The two acquisitions are a map of Florida from the year 1846 and a quilt owned by Kay Wightman, an islander who dedicated 30 years to being a docent at the museum. The museum, located on Dunlop Road, will use the two new items during tours and a quilt show.

The 1846 map belonged to Stephen and Enid Oresman, who also donated the item to the museum. The map was constructed and drawn by S. Augustus Mitchell, a world-renowned cartographer.

Emilie Alfino, the museum’s executive director, said the map had a unique spelling of the Sanibel and Captiva Islands. Sanibel was spelled “Sanybel” and Captiva was spelled “Captive.” There was also a letter attached to the back of the map, addressed to the owners of the map, she said.

“Dear Enid and Steve, this Florida map complete with Sanibel with a y, was published in 1846 in a new universal atlas containing maps of the various empires, kingdoms, and republics of the world,” Alfino read directly from the letter.

The second acquisition was a quilt made by Wightman, patterned with red and white colors. After Wightman’s recent death, her husband donated the quilt to the museum and it will later be added the permanent collection.

“We’re always happy to get clothes that have some connection to an islander,” Alfino said. Wightman’s work as a docent was one that left a mark, as she was one of the many workers who “ran the museum,” while it was functioning under the city before becoming a nonprofit corporation, she said.

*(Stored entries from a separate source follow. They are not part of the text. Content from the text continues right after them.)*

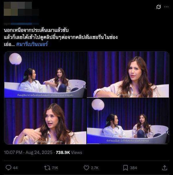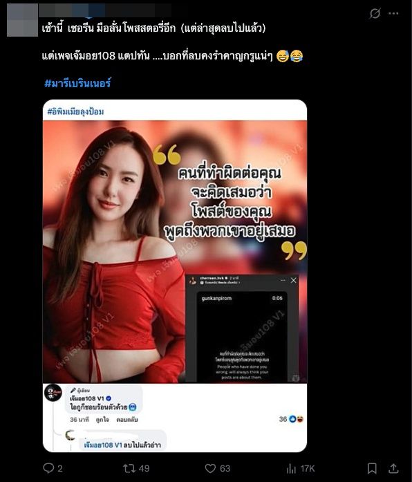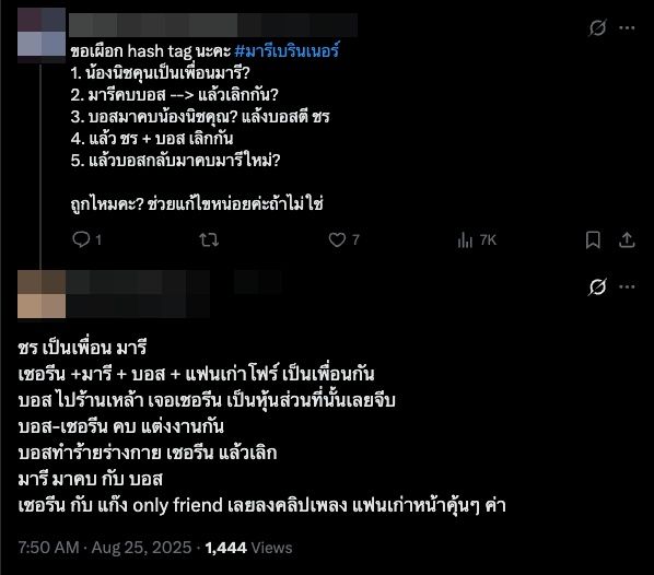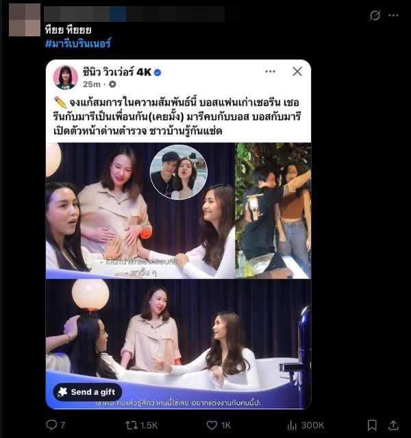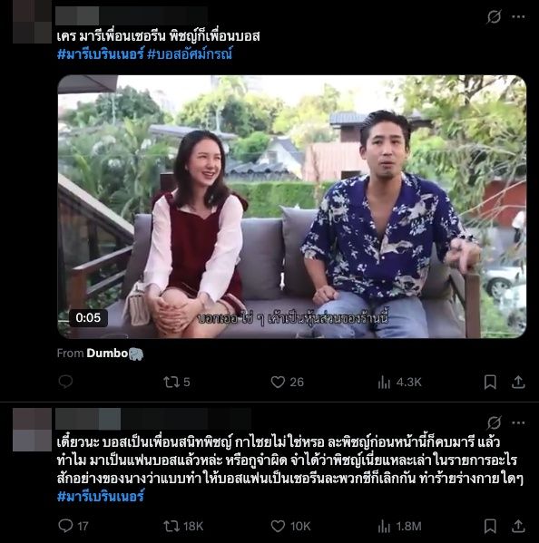 งานนี้ทำเอาโลกโซเชียลวิจารณ์อย่างหนักถึงพฤติกรรมของทั้งคู่ จนแฮชแท็ก #มารีเบรินเนอร์ ติดเทรนด์ทวิตเตอร์ (X) และเมื่อเข้าไปส่องแท็กดังกล่าว นอกจากจะมีคนพูดถึงเรื่องราวที่เกิดขึ้นแล้ว ยังหยิบยกเรื่องความสัมพันธ์ของ มารี-บอส มาพูดถึงและไล่ไทม์ไลน์ช่วงที่ทั้งคู่คบกันด้วย บ้างก็วิจารณ์ว่ามารีก็เป็นเพื่อนกับนักร้องนักแสดงสาว เชอรีน ณัฐจารี หรเวชกุล อดีตภรรยาของบอส อัศม์กรณ์ แต่ทำไมถึงมาคบกับบอสซึ่งเป็นสามีเก่าของเพื่อน
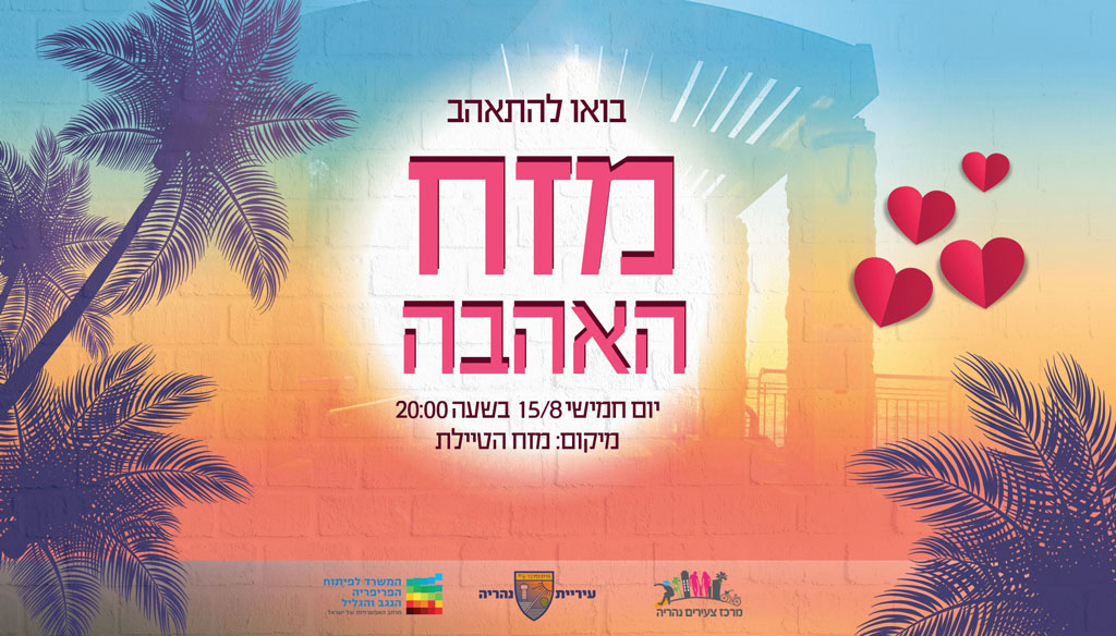 לראשונה בנהריה יתקיים "ליל אהבה במזח" ביום חמישי 15.8.19 ערב ט"ו באב ויפתח סופ"ש שלם בסימן אהבה עם מופע של אביב גפן והתעויוט, השקת מזח
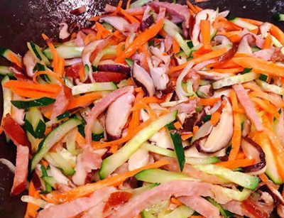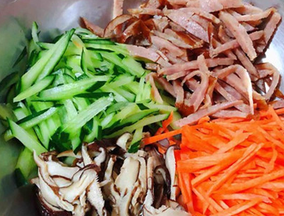 黄瓜、胡萝卜、香菇、香肠切成丝。
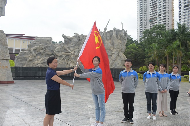 授旗仪式结束后,大家一同进入广西革命纪念馆内参观。在本次参观过程中,蒋娴老师为大家讲解了百色起义,讲解中融入一些提问,让同学们重新认识了此次工农武装割据的光辉实践;王玉洁老师带领同学们清唱一曲游击队战歌,在铿锵战歌中体验革命先辈的睿智与英勇。此外,本次活动中,还有多位同学担任志愿讲解员,结合当代青年的使命与责任,说出自己对革命精神的感悟与理解。活动结束,老师和同学们相互分享自己的感悟与收获:即享受当今幸福生活的同时,要勇于担当新时代的使命与责任。
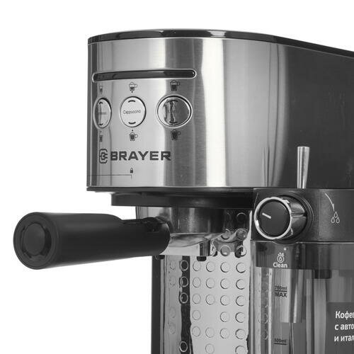 Кофеварка рожковая BRAYER BR1102, серебристый/черный интересное:
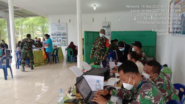 Asahan | Sementara pelibatan Babinsa dalam pendampingan terhadap kegiatan Vaksinasi merupakan bentuk kepedulian TNI terhadap kemanusiaan , selain juga bentuk tanggung jawab dan kewajiban dalam ikut mendukung pencegahan dan penanggulangan penyebaran virus Covid 19 yang saat ini masih belum berakhir, dalam hal ini Komandan Koramil (Danramil) 06/Kisaran Kapten Inf Nuryanto bersama dengan para Babinsa Koramil 06/Kisaran Serka Suroso dan Sertu Maryono turun kewilayah binaan untuk turut serta melaksanakan Pendampingan Vaksinasi Masal tahap I, kegiatan tersebut yang dilaksanakan bertempat di Kantor Camat Kisaran Timur Jalan Jenderal Ahmad Yani Kelurahan Kisaran Naga Kecamatan Kota Kisaran Timur Kabupaten Asahan, Kamis (16/09/2021).
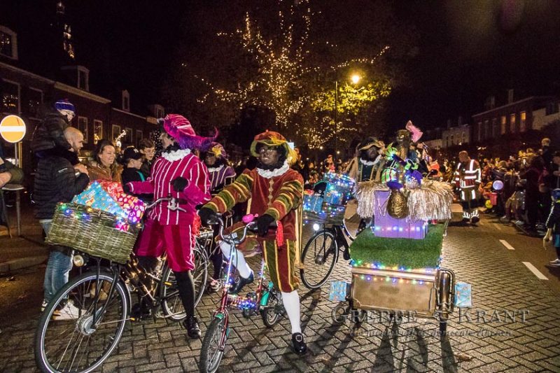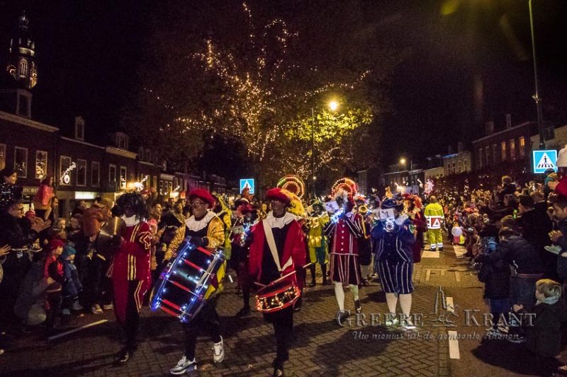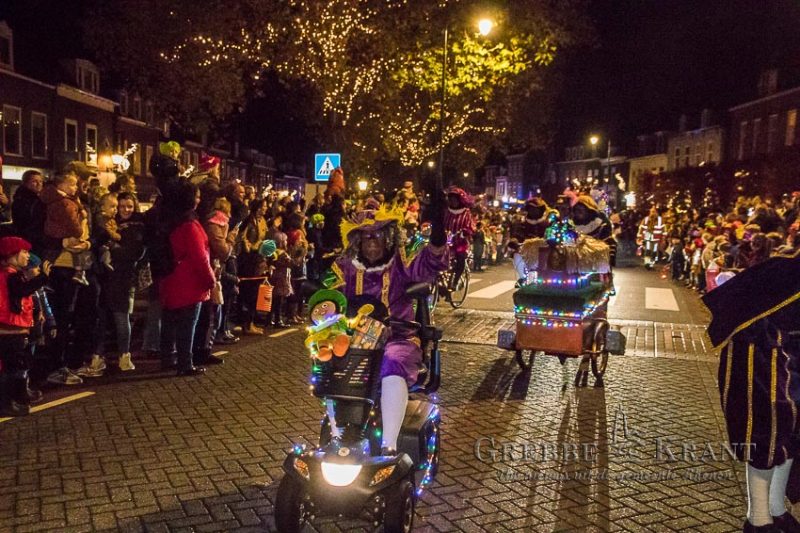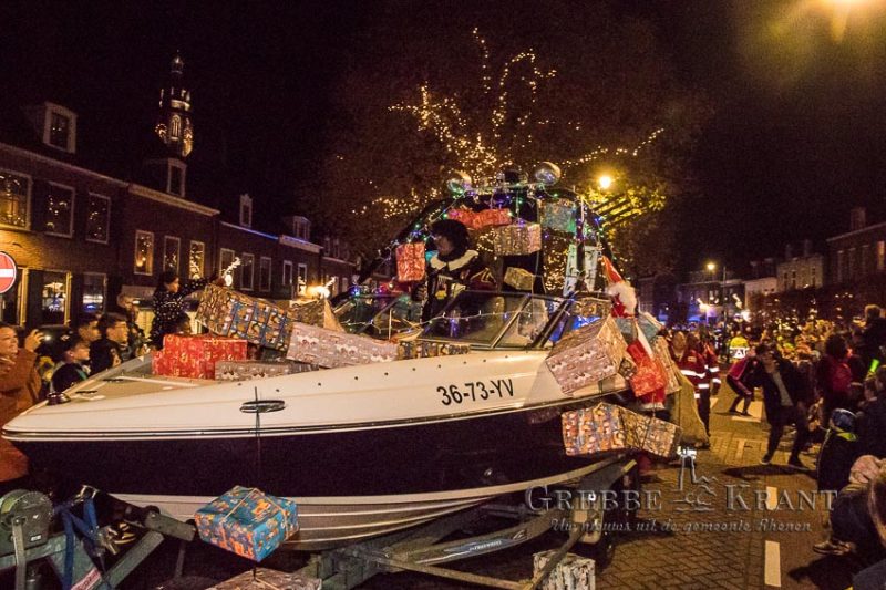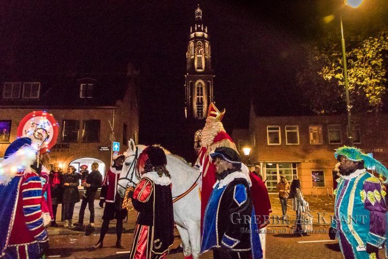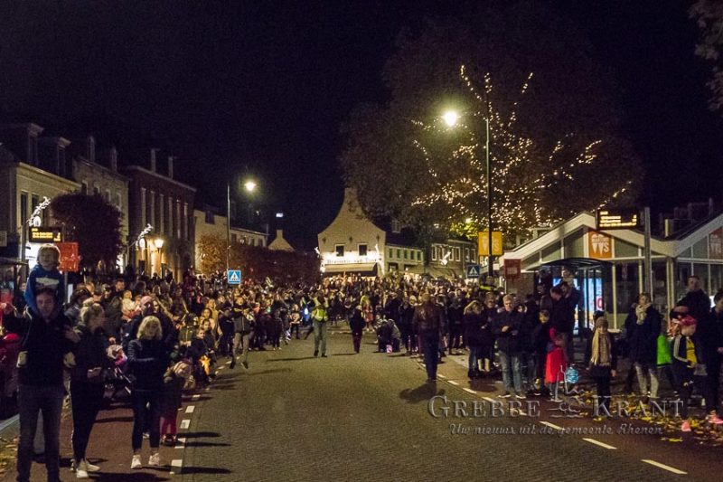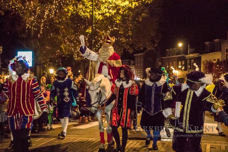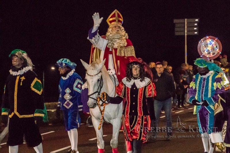 Rhenen – Helaas mochten de kinderen niet bij de aankomst per boot aanwezig zijn maar in plaats daarvan kwam de Sint en zijn Pieten met een parade door de stad. Het publiek was in grote getale op de parade afgekomen. Op zijn paard Ozosnel trok de goedheiligman tussen het lang gerekte lint van publiek door terwijl de muziekpieten een vrolijk deuntje ten gehore brachten.
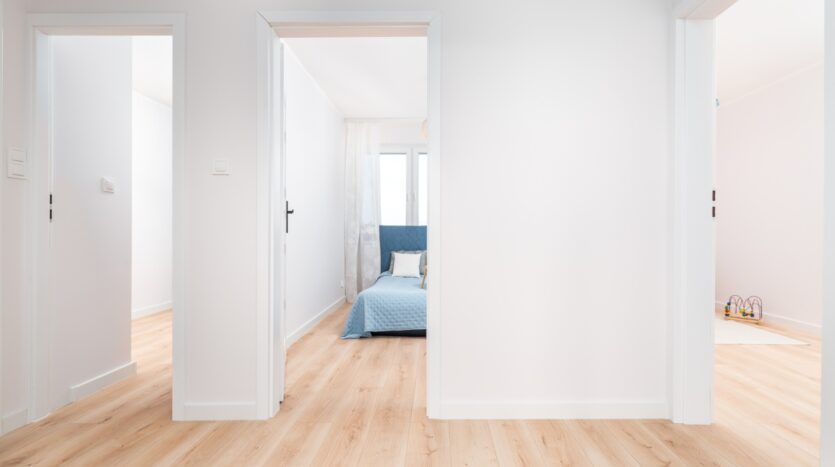 • Pokoje: 4 pokoje (3 sypialnie i salon z aneksem kuchennym – zabudowa od stolarza)

New homes to be demolished, update on previous home

Sanibel City Planner Craig Chandler revealed to committee members, during his Planning Department liaison report, two new additional homes located at 2431 Periwinkle Way and 2477 Periwinkle Way were granted a demolition permit for a home built prior to 1963.

The properties are not listed on the committee’s historic buildings resources list, which details buildings or houses that have historic significance. Chandler describes the process as being a “redevelopment construction,” as the homes will later be remodeled into a commercial and residential area.

Chandler also gave an update on a permit granted to demolish a home located on South Yachtmans Drive, discussed in the committee meeting in December.

He said an administrative policy now requires photographs of any proposed demolition on a property to be taken before issuing a demolition permit. Although the proper documentation was completed, due to the holiday season and schedule, the photographs will be provided to committee members in next month’s meeting.